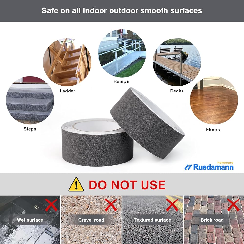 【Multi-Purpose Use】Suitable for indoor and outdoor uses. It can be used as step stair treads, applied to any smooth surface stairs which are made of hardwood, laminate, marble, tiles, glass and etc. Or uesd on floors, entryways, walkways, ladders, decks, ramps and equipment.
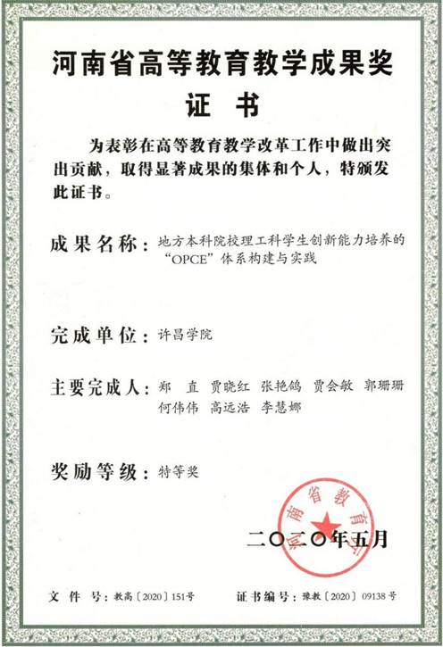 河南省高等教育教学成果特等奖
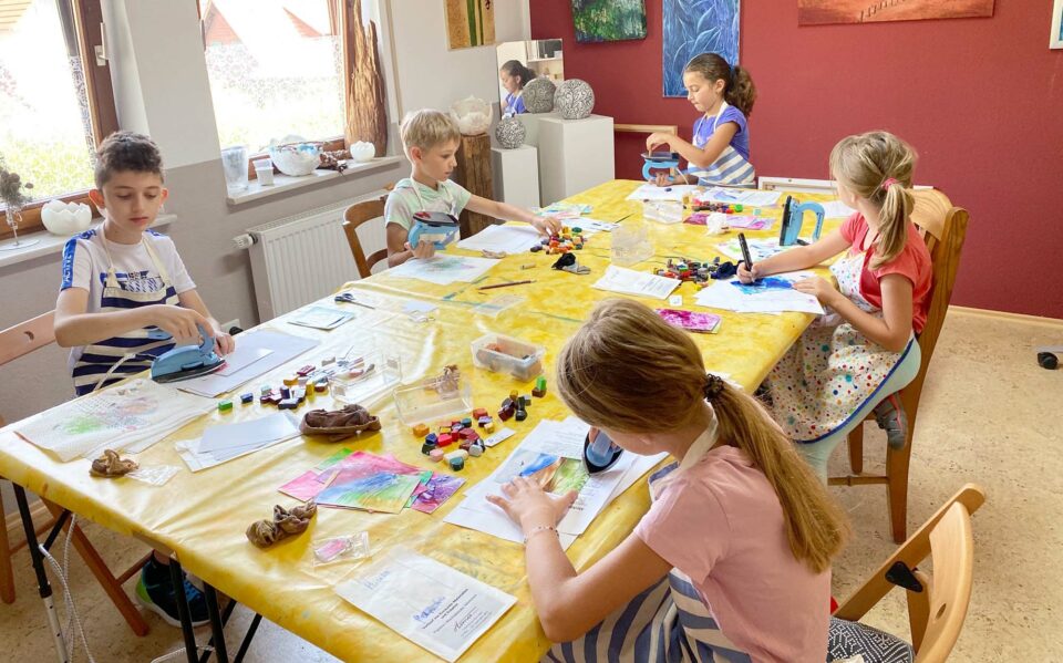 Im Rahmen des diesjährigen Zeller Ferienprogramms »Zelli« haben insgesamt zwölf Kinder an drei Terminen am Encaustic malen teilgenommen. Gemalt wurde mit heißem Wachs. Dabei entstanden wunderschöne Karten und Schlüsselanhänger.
───
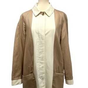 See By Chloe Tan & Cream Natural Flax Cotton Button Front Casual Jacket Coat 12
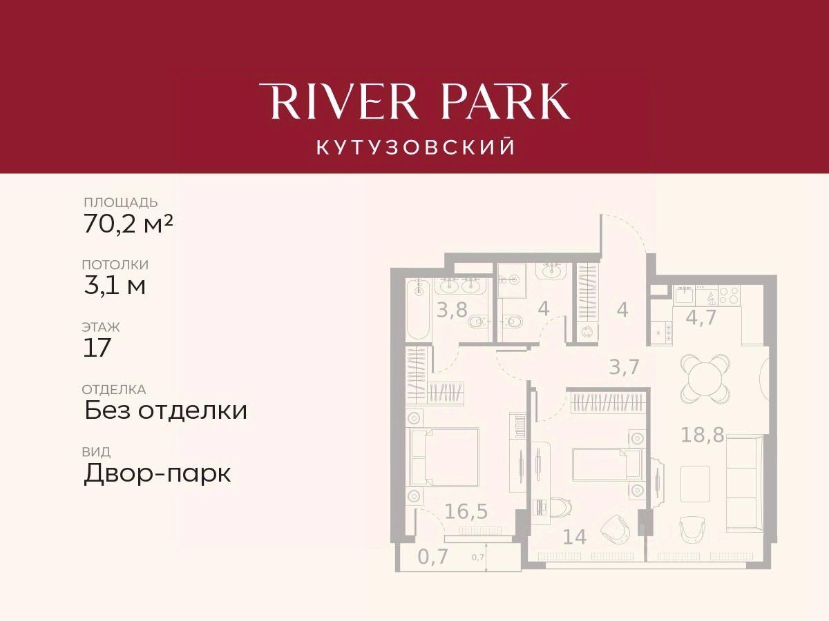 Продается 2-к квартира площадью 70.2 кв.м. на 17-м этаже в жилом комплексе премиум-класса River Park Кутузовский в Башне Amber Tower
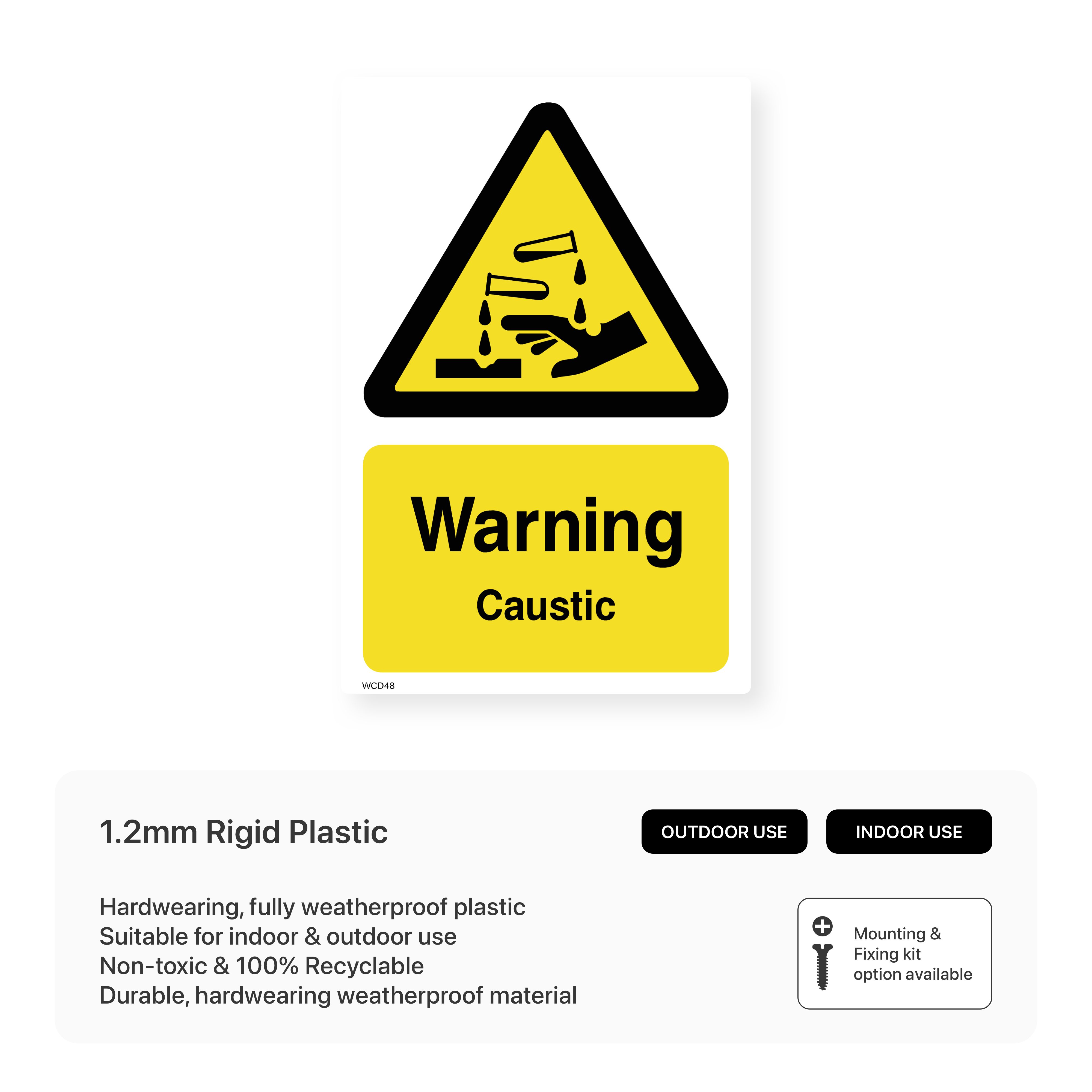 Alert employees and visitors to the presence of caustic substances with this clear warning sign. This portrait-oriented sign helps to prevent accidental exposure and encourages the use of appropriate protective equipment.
───
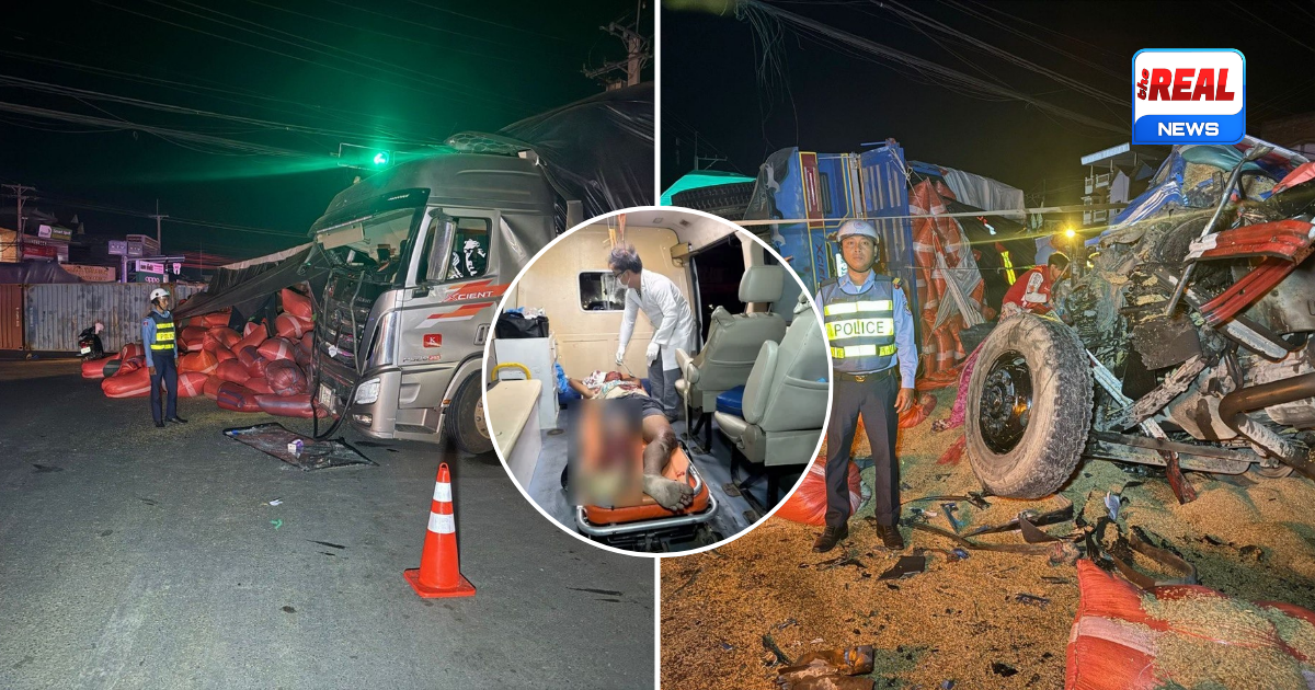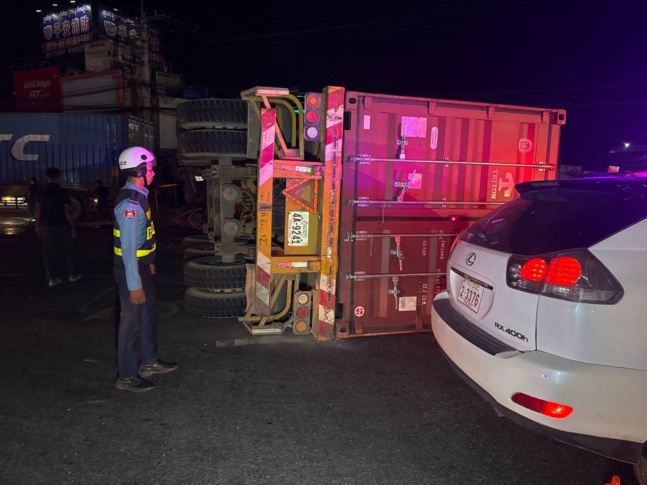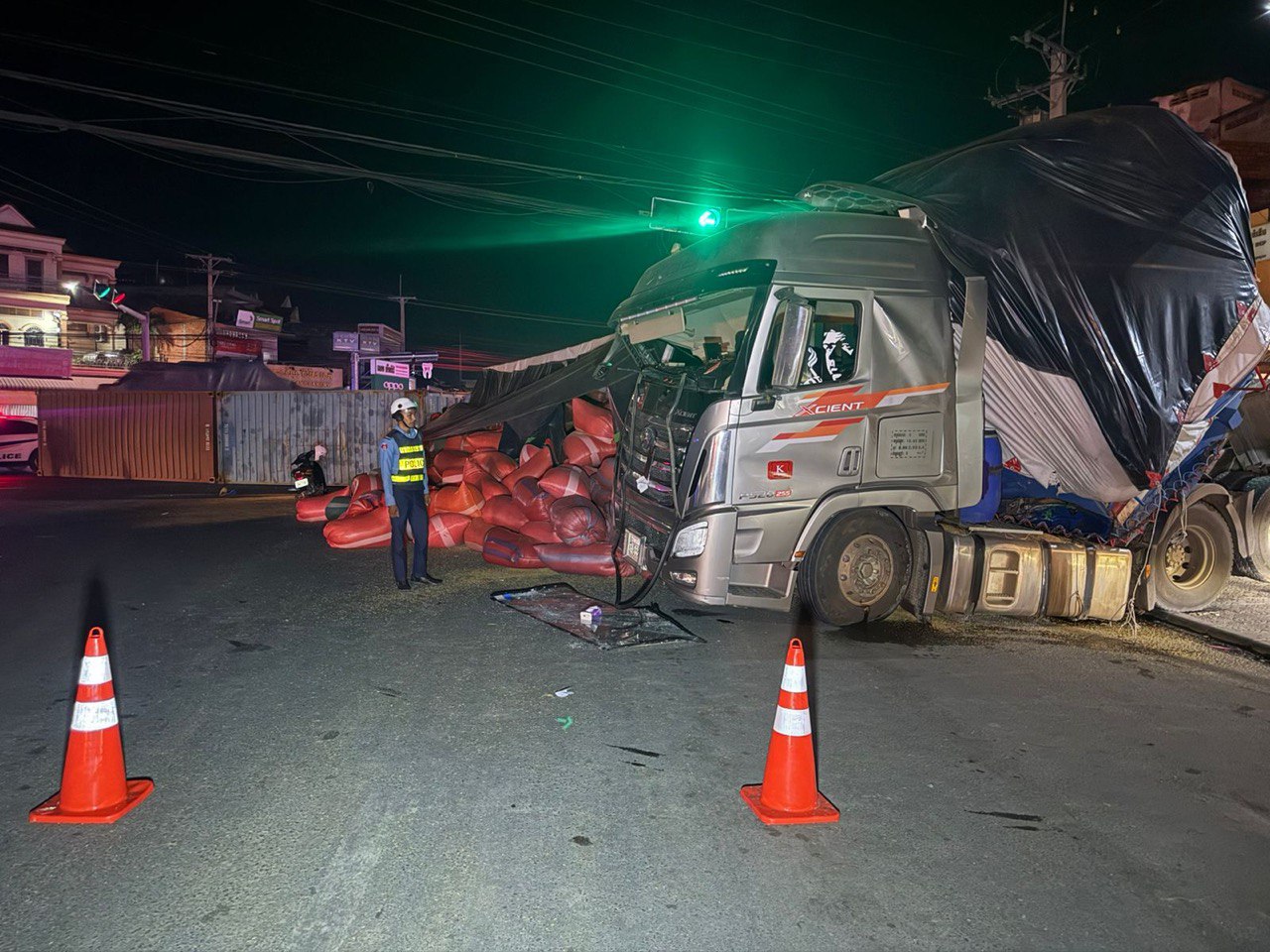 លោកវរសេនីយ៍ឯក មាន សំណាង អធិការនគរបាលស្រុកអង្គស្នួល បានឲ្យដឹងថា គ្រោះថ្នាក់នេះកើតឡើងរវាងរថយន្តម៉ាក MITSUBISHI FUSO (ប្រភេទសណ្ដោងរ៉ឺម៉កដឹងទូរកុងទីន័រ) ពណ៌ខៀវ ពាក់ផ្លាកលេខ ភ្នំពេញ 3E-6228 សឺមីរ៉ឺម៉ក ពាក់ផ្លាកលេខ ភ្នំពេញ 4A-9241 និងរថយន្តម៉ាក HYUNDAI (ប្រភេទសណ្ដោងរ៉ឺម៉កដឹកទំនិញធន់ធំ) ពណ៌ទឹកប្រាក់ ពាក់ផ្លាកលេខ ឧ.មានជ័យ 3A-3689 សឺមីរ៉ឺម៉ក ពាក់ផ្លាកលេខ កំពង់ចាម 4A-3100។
───
▶ **Work order**
Given the listing above, retype only the span of lines from the line with "See By Chloe" up to and including the line with "Alert employees and", exactly as it stands and without pictures.

▶ **Output for this exercise**
 See By Chloe Tan & Cream Natural Flax Cotton Button Front Casual Jacket Coat 12
 Продается 2-к квартира площадью 70.2 кв.м. на 17-м этаже в жилом комплексе премиум-класса River Park Кутузовский в Башне Amber Tower
 Alert employees and visitors to the presence of caustic substances with this clear warning sign. This portrait-oriented sign helps to prevent accidental exposure and encourages the use of appropriate protective equipment.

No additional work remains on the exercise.